The Association of Member-Directed Pension Schemes has revealed it is to begin judicial review proceedings over the Financial Conduct Authority’s capital adequacy framework for self-invested pension operators, which legal advice received has suggested is “unlawful”.
In a statement sent to members, Amps states that based on feedback the committee took legal advice on how the FCA dealt with the consultation process and whether this led to “seriously flawed” outcomes.
After almost a two-year delay, the FCA published its final long-awaited capital adequacy rules in August which confirmed Sipps providers will need to hold a minimum of £20,000 in reserve, with the exact figure based on a calculation of assets under management with a surplus added for ‘non-standard’ assets.
Having said its original proposals could force as many as one in five firms exit the sector, its revised proposals reduces - and in some cases halves - the £20,000 minimum for smaller firms with less than £200m in assets, and reclassified UK commercial property as a ‘standard’ asset.
The new rules come into force on 1 September 2016.
However, there have been concerns over the formula the FCA is using to calculate capital adequacy, with many in the industry warning that the assets under management calculation failed to address risks with esoteric assets.

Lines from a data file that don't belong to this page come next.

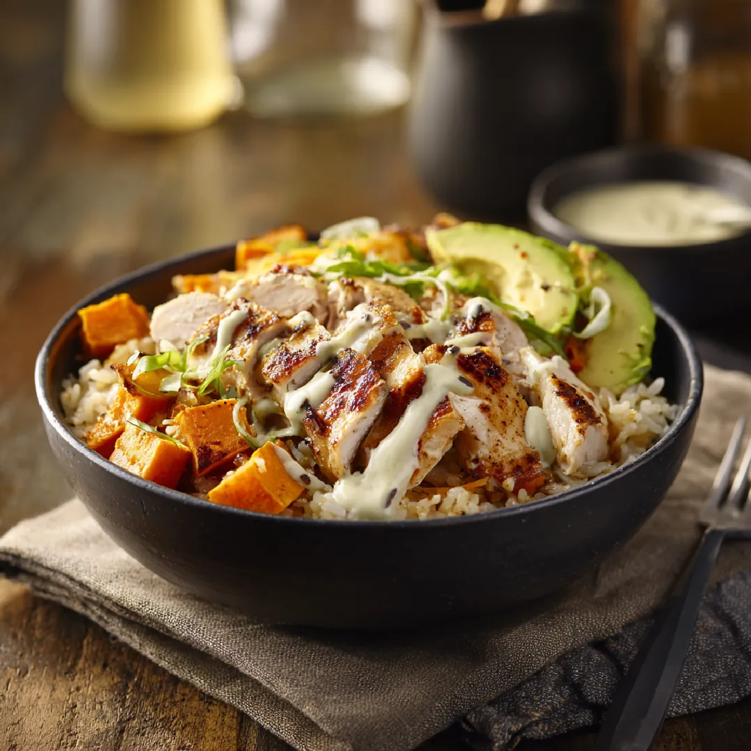 9. Serve warm and enjoy your Sweet Potato Chicken Rice Bowl!
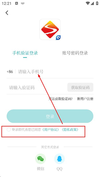 1、打開軟件進入登錄頁,選擇手機驗證登錄,在對應輸入框填寫手機號,勾選登錄代表已同意相關協議,點擊獲取驗證碼,準備完成登錄。
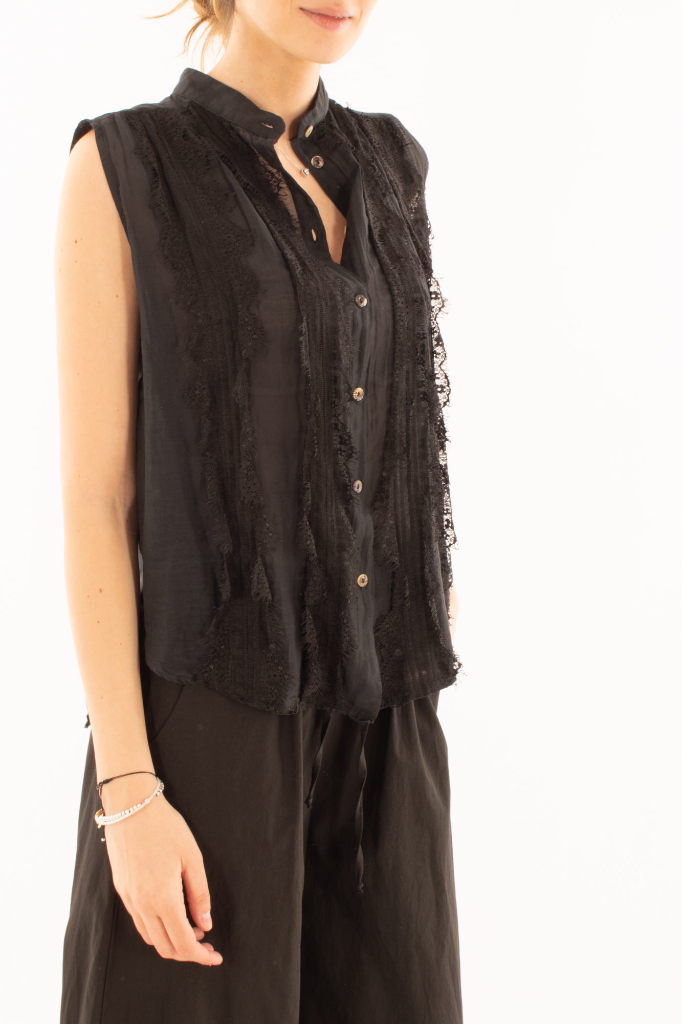 Camicia smanicata misto seta con intarsi in pizzo: elegante e raffinata, perfetta per un look chic. Il tessuto di alta qualità offre comfort e stile, mentre i dettagli in pizzo aggiungono un tocco di femminilità. Ideale per ogni occasione, dalla cena formale agli incontri casual.
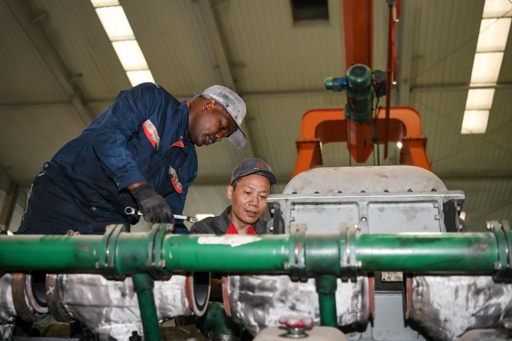 ↑2023年7月4日,中国中车驻肯员工和肯方员工在肯尼亚内罗毕的蒙内铁路机车维保车间工作。
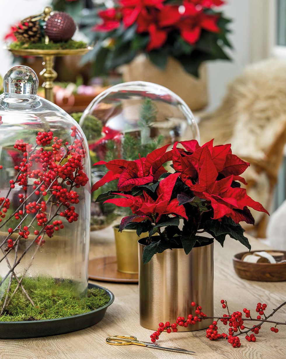 Idea decorativa para la Navidad. En esta propuesta de Stars of Europe, las brácteas se realzan con un cubremacetas dorado. A destacar, la poinsettia se combina con ramas de bayas rojas en campanas de cristal, un detalle que añade un plus de sofisticación.
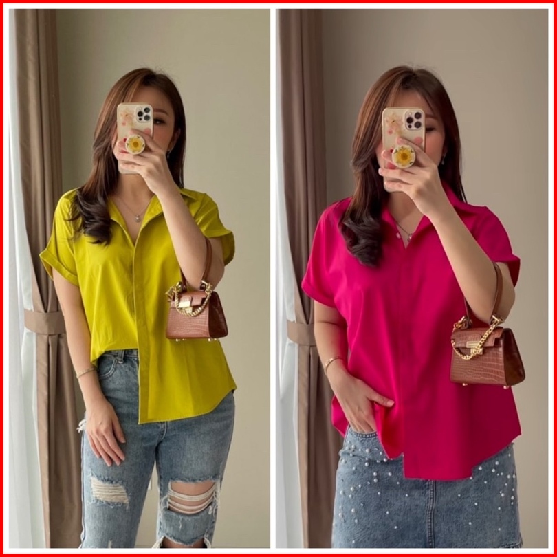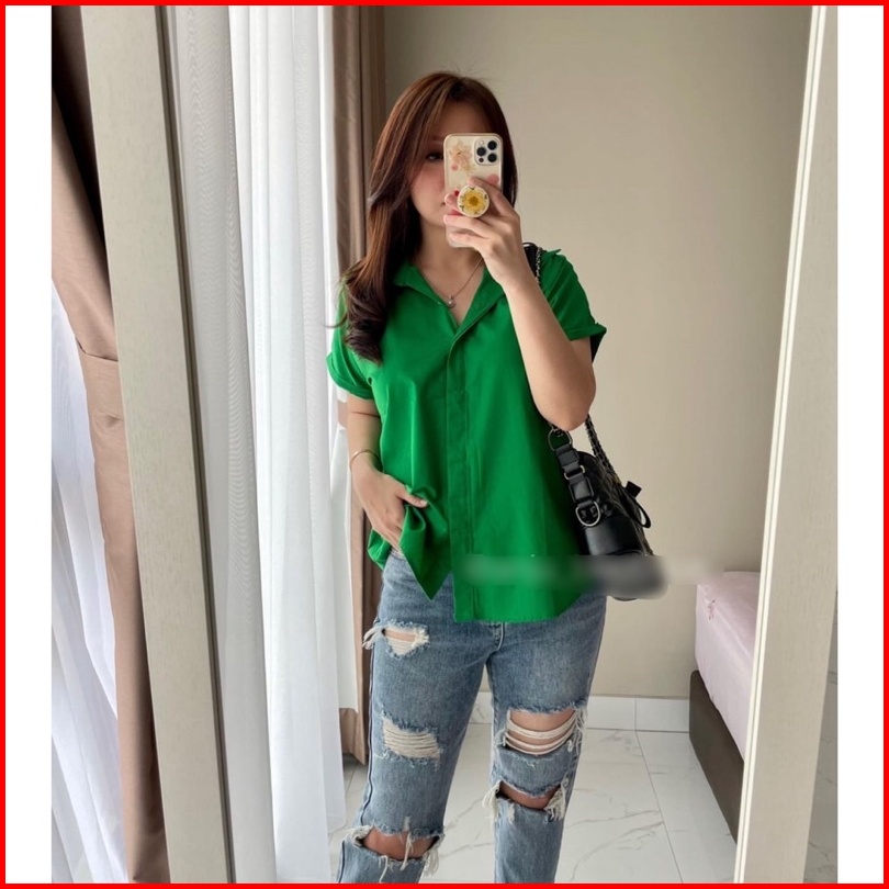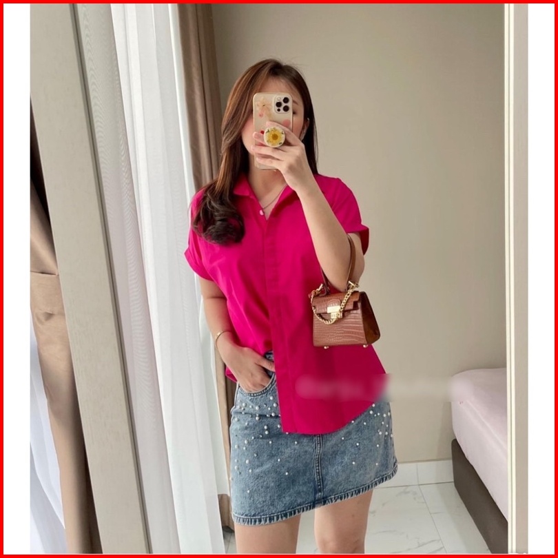 Short Sleeve Katun Poplin - Kemeja Atasan Wanita Lengan Pendek Super Premium 8007

Legal advice received was that the FCA’s decision is “unlawful and ought to be quashed”. The letter to Amps members, seen by FTAdviser, adds the decision has been taken pursuant to an “unfair procedure and inadequate process of consultation”.
The FCA has failed to provide any adequate of intelligible reasons for its proposals and had adopted the decision without providing fair opportunity of dissuading it from doing so, the letter continues.
This follows a Freedom of Information Act request last year whereby Amps obtained 55 out of the 57 responses to CP12/33 and noted strong backing for enhancing consumer protection but minimal support for the regulator’s formula.
The letter also described the decision as “unlawful” because “the FCA has breached its duty to make sufficient enquiries to enable it to reach a rational and lawful decision”.
Amps notes legal advice it took said the FCA had “acted unreasonably and failed” to have regard to relevant considerations and relied on “irrelevant considerations”, and that it acted in breach of its statutory duties under the Financial Services and Markets Act 2000.
Amps says it has consistently supported an increase in capital adequacy requirements, but that it wished to challenge the regulator in regard “to its apparent disregard for fairness of procedure and adequacy of consultation, which leaves Sipp operators facing an illogical basis of capital requirement which proper consultation might well have rejected”.
The FCA confirmed to FTAdviser that it has received a letter from Amps’ legal representative but that it was unable to comment further.